Goulder P J, Brander C, Tang Y, Tremblay C, Colbert R A, Addo M M, Rosenberg E S, Nguyen T, Allen R, Trocha A, Altfeld M, He S, Bunce M, Funkhouser R, Pelton S I, Burchett S K, McIntosh K, Korber B T, Walker B D
Partners AIDS Research Center, Massachusetts General Hospital and Division of AIDS, Harvard Medical School, Boston, Massachusetts 02114, USA.
Nature. 2001 Jul 19;412(6844):334-8. doi: 10.1038/35085576.
Increasing evidence indicates that potent anti-HIV-1 activity is mediated by cytotoxic T lymphocytes (CTLs); however, the effects of this immune pressure on viral transmission and evolution have not been determined. Here we investigate mother-child transmission in the setting of human leukocyte antigen (HLA)-B27 expression, selected for analysis because it is associated with prolonged immune containment in adult infection. In adults, mutations in a dominant and highly conserved B27-restricted Gag CTL epitope lead to loss of recognition and disease progression. In mothers expressing HLA-B27 who transmit HIV-1 perinatally, we document transmission of viruses encoding CTL escape variants in this dominant Gag epitope that no longer bind to B27. Their infected infants target an otherwise subdominant B27-restricted epitope and fail to contain HIV replication. These CTL escape variants remain stable without reversion in the absence of the evolutionary pressure that originally selected the mutation. These data suggest that CTL escape mutations in epitopes associated with suppression of viraemia will accumulate as the epidemic progresses, and therefore have important implications for vaccine design.

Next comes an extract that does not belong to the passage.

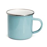 Caneca de Metal Azul Bebê com Borda Prata e Interior Branco - 325ml

越来越多的证据表明,细胞毒性T淋巴细胞(CTL)介导了强大的抗HIV-1活性;然而,这种免疫压力对病毒传播和进化的影响尚未确定。在此,我们研究了人类白细胞抗原(HLA)-B27表达情况下的母婴传播,选择该研究进行分析是因为它与成人感染中免疫抑制的延长有关。在成人中,一个显性且高度保守的B27限制性Gag CTL表位的突变会导致识别丧失和疾病进展。在围产期传播HIV-1的HLA-B27表达母亲中,我们记录了编码该显性Gag表位中不再与B27结合的CTL逃逸变体的病毒传播情况。她们受感染的婴儿靶向另一个原本不太显性的B27限制性表位,无法抑制HIV复制。在没有最初选择该突变的进化压力的情况下,这些CTL逃逸变体保持稳定,不会回复突变。这些数据表明,随着疫情的发展,与病毒血症抑制相关表位中的CTL逃逸突变将会积累,因此对疫苗设计具有重要意义。